What functions are in scope for outsourcing, and will executive leadership get behind a strategy? In evaluating scope, keep in mind that the service provider community varies in maturity. IT outsourcing, for example, is very mature, with many providers and deep experience. Other outsourced functions, such as HR, finance & accounting, customer service, and supply chain, are less mature than IT, but there are still many capable providers in the market. Outsourcing engineering and operations, meanwhile, is much less mature. As the portfolio of in-scope functions grows into a broader bundle, the number of service providers that can deliver across all functions becomes much smaller. Many companies are weighing a best-of-class approach against the complexity of managing multiple providers.
In addition, consider the key executives who need to be on board for the initiative to succeed. If you’re outsourcing finance and accounting, for example, which executives are internal customers to the F&A organization, and how will they react to the plan? Remember to assess the executive landscape and ensure the organization will support the outsourcing strategy.

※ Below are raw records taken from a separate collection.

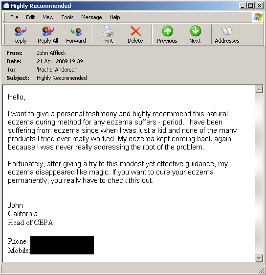 I want to give a personal testimony and highly recommend this natural eczema curing method for any eczema suffers - period. I have been suffering from eczema since when I was just a kid and none of the many products I tried ever really worked. My eczema kept coming back again because I was never really addressing the root of the problem.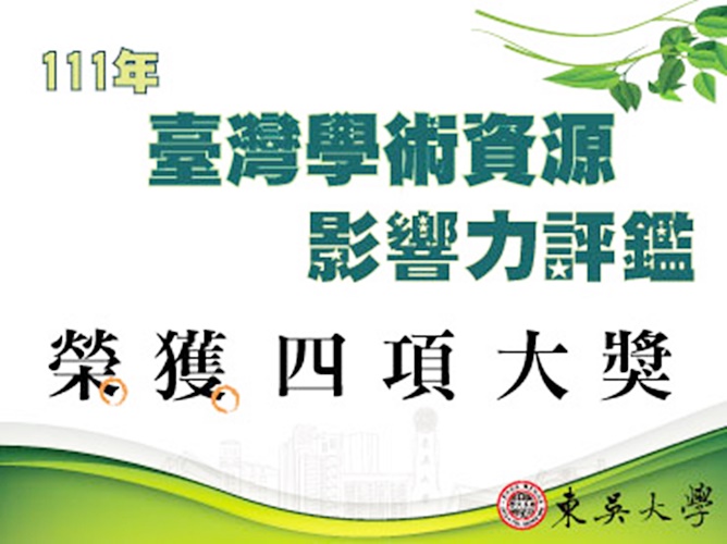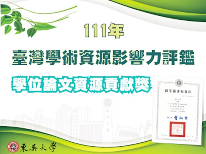 國家圖書館對於保存文化,弘揚學術研究之願景,亦是本校致力的目標,因此長期以來致力落實學位授予法之相關規定,鼓勵學位論文公開發表,藉以呈現本校學術研究成果。此次於電子全文授權數、被下載數及被下載率三項評比皆入圍私立大學組前五名,並且於「臺灣博碩士論文知識加值系統」內各分項排名積分總分最高之大學校院中,榮獲私立大學組第四名,顯見本校研究成果備受學術界的認可。而本校《東吳日語教育學報》及《東吳法律學報》分別奪得語言學類及法律學類期刊即時傳播獎,其學術研究力近五年影響係數高居全臺前五,足見本校學術水準在研究領域中具有指標性的重要意義。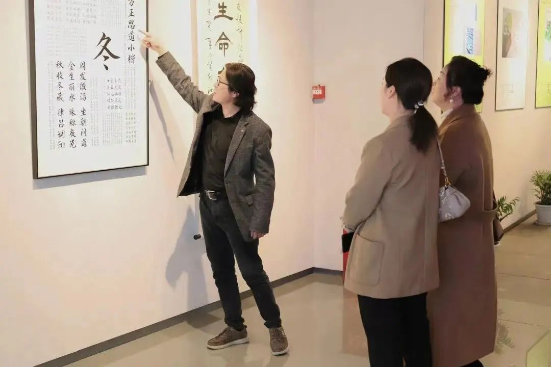 公司董事长侯忠明为本次展览致辞,他说这次展览的主题很应景,叫“桃李熏然”,一则时下正值桃红李白的初春时节,所以时令上很应景;二则在中华传统文化里,总以桃李比喻“学子”,这次展览的主角易礼然正是我们文理公司培养出来的“优秀桃李”之一,所以主题上也很应景。他说作为礼然的书法课程老师,虽然礼然同学没有成为职业的书法家,但“书法”却成为了他海报设计、字体设计最重要的灵感源泉。书法艺术、传统文化、古典文化都为易礼然的创作提供了最广阔的素材与灵感的宝库。他的这些以传统文化为创作母体的设计作品能在诸多国际大赛中获奖,也说明了我们中华民族的传统文化在世界文化之林中有着深厚的底蕴与巨大的魅力。

Is your organization ready for transformation? Is there a tolerance for end-to-end process change? Beyond getting buy-in from leadership, consider the adaptability of the rest of the organization. How receptive have business units been to past initiatives? During a merger or acquisition, for example, how did the organization respond to combining functions and changing leadership? Or, with the introduction of a new ERP system, how effectively was process change and standardization addressed? Organizational readiness should be a key component of any outsourcing strategy.

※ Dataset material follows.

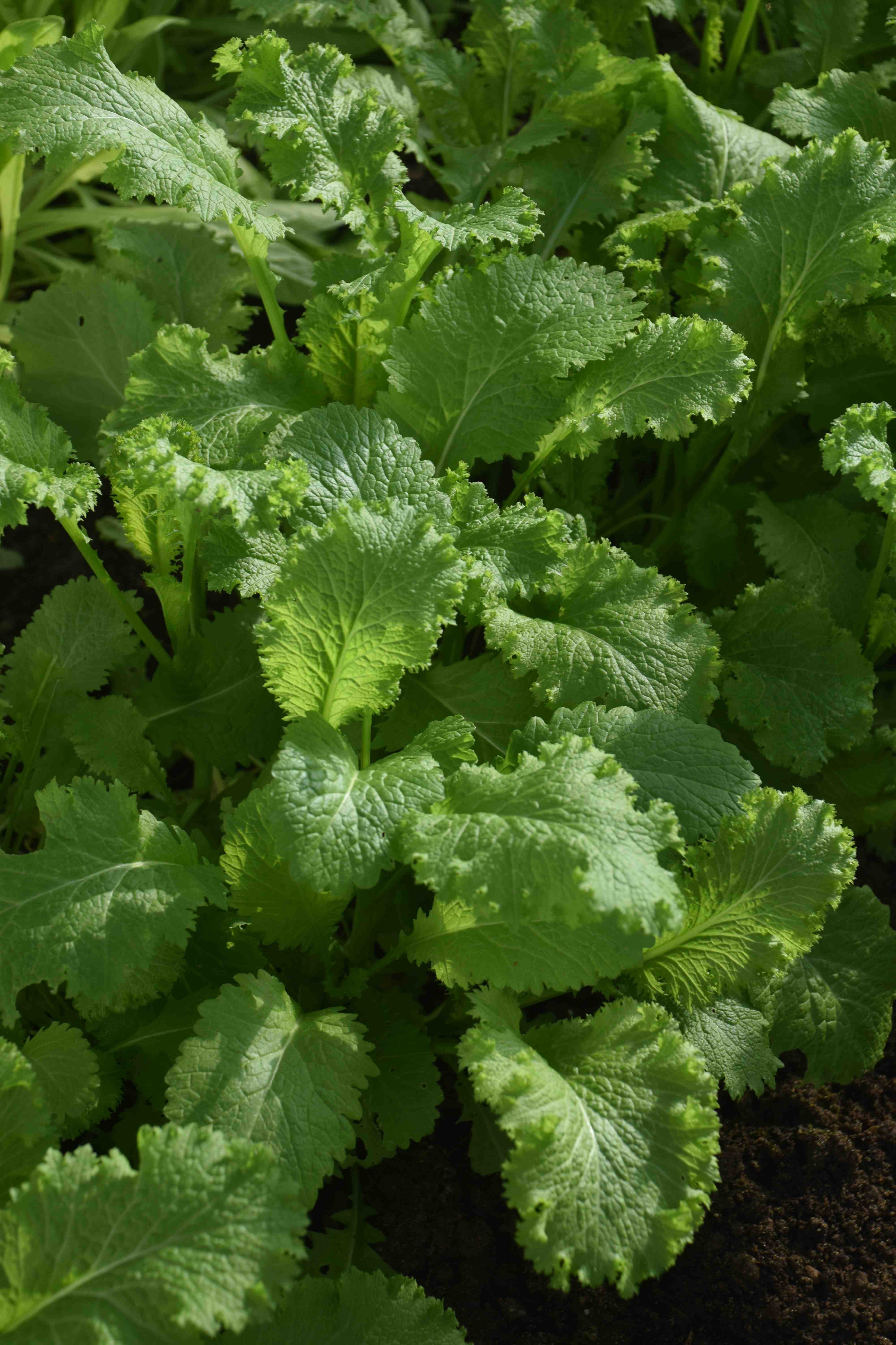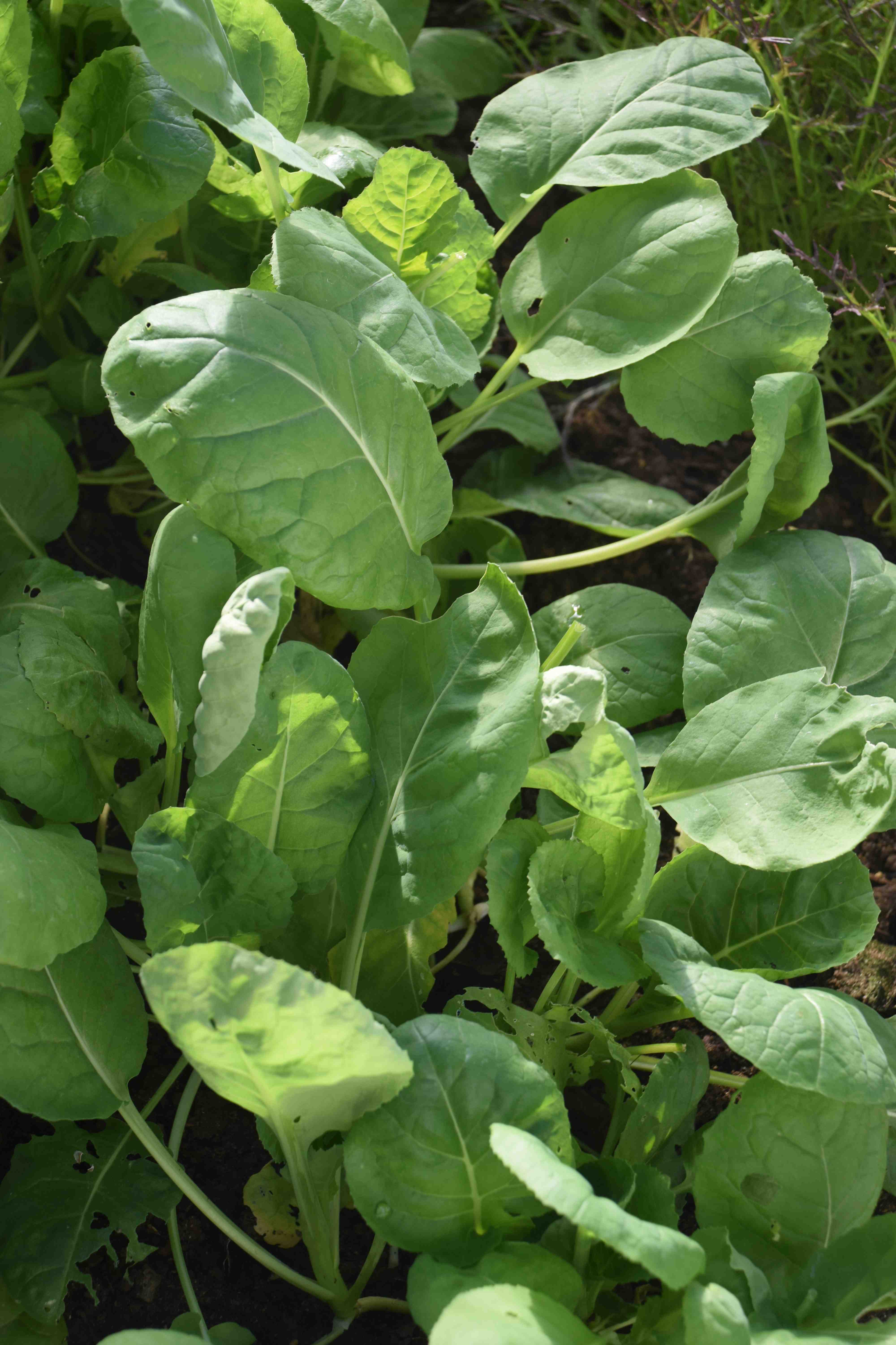These greens are all green so far but ‘Ruby Streaks’ is a purple tinted mustard that adds colour and some bite to salads. This can be sown at any time and is very fast and productive. I think this is a old Japanese variety (or descended from one) and, like all mustards, has important cancer-fighting chemicals.

What are the accounting and regulatory implications of outsourcing? An outsourcing agreement can include a variety of costs beyond ongoing service delivery charges. These include one-time costs for severance and transition, and potential transformation costs for new systems or process improvement. The accounting recognition of these costs, and the characterization of these costs as operating versus capital expenditures, can be impacted by the specific pricing terms and contract provisions. The regulatory treatment of these costs also needs to be evaluated and a strategy developed to ensure proper rate recovery.
Final Thoughts
The executives in utility companies today face significant regulatory and financial challenges as they strive to reduce costs and improve business performance. And they continue to evaluate innovative solutions that can increase shareholder value. While utility companies have been slower to adopt outsourcing as a business strategy than other industries, increasing costs, internal competition for capital and the need to deliver measurable value across the enterprise should drive positive and robust growth in the adoption of outsourcing in the North American utilities industry.